■ Required work: Filter the entries below down to the lines that hold "with".

[Data excerpts]

**********

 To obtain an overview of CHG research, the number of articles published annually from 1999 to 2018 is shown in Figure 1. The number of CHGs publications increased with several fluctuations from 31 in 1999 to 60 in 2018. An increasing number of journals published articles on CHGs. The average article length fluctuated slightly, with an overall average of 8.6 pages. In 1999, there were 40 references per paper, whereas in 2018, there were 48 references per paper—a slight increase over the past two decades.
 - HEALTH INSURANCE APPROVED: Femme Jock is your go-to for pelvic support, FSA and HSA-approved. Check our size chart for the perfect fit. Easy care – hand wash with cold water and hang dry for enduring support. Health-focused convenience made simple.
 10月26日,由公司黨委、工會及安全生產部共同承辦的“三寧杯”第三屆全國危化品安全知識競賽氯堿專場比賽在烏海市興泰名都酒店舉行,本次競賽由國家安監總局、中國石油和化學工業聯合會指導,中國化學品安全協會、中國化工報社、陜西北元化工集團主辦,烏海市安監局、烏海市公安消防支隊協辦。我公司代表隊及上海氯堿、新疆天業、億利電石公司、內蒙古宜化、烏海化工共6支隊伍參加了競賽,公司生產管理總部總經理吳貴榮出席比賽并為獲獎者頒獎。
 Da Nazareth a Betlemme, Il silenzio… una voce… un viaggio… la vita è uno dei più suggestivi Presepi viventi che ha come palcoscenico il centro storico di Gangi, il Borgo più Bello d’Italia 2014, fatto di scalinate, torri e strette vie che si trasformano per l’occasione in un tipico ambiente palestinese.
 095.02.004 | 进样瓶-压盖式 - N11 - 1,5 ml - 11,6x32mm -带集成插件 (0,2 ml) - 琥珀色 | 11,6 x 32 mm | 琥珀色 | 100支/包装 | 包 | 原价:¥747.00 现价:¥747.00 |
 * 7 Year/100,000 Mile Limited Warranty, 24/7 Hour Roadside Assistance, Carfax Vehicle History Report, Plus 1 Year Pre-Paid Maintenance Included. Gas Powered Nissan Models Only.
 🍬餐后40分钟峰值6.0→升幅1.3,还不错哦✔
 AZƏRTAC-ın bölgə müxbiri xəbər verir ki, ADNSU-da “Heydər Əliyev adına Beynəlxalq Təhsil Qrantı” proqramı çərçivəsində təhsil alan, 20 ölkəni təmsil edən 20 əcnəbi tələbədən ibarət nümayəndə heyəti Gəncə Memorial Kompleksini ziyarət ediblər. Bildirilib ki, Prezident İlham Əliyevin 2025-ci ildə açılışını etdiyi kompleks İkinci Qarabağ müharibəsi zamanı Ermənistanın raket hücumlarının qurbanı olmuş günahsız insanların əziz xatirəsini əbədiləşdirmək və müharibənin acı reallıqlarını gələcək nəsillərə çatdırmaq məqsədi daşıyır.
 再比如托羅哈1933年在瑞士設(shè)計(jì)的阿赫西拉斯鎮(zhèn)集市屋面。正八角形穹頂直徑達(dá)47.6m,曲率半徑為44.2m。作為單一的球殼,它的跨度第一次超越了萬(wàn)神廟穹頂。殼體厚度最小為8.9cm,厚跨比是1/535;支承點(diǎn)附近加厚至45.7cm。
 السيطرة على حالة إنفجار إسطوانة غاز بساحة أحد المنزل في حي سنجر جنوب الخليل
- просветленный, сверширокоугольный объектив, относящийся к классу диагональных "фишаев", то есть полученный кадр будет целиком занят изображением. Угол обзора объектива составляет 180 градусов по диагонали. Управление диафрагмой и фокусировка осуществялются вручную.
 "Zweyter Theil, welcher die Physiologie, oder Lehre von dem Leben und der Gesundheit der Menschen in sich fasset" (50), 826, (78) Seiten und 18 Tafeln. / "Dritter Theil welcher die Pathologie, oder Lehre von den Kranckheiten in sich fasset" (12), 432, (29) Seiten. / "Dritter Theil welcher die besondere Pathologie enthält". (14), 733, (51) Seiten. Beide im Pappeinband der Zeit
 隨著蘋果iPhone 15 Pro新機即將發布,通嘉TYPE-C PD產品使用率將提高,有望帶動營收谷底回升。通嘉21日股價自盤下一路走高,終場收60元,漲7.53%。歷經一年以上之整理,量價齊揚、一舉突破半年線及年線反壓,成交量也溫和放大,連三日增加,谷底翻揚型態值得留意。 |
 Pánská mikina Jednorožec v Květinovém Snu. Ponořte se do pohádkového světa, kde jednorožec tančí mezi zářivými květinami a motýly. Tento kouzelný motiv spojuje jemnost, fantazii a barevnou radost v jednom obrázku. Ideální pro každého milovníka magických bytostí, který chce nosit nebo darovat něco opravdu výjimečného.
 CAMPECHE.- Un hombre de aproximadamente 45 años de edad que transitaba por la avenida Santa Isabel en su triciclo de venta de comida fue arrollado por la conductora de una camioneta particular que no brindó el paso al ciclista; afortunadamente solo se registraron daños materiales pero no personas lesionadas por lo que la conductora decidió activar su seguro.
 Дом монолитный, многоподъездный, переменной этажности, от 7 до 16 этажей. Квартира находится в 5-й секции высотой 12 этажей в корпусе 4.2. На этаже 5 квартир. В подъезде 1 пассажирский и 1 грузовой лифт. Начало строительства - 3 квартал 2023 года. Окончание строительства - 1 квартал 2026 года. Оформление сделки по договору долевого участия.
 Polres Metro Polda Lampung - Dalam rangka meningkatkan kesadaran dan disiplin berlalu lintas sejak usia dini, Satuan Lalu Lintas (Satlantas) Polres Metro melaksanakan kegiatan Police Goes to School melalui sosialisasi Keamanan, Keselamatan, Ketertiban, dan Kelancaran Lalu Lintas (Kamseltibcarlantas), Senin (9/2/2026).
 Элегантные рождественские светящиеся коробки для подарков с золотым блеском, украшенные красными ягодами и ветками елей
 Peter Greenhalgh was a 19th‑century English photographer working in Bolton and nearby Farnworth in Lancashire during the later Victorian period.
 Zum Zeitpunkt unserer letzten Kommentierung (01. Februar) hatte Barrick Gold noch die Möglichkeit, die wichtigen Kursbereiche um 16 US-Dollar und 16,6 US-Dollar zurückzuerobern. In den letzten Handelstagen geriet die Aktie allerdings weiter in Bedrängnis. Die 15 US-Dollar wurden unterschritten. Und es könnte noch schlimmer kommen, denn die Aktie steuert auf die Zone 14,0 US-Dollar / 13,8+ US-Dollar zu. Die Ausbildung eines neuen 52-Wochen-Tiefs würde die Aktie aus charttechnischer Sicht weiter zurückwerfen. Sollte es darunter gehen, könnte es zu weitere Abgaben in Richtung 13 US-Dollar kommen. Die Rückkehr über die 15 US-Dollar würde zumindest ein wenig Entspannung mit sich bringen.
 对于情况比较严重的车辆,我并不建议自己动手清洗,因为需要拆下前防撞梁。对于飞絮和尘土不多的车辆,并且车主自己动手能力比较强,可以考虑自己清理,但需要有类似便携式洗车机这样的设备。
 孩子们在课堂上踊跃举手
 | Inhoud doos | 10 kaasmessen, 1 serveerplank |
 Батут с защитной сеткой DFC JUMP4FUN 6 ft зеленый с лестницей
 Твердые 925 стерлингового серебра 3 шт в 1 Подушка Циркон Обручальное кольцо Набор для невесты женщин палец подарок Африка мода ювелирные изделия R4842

**********

■ Solution for this problem:
 To obtain an overview of CHG research, the number of articles published annually from 1999 to 2018 is shown in Figure 1. The number of CHGs publications increased with several fluctuations from 31 in 1999 to 60 in 2018. An increasing number of journals published articles on CHGs. The average article length fluctuated slightly, with an overall average of 8.6 pages. In 1999, there were 40 references per paper, whereas in 2018, there were 48 references per paper—a slight increase over the past two decades.
 - HEALTH INSURANCE APPROVED: Femme Jock is your go-to for pelvic support, FSA and HSA-approved. Check our size chart for the perfect fit. Easy care – hand wash with cold water and hang dry for enduring support. Health-focused convenience made simple.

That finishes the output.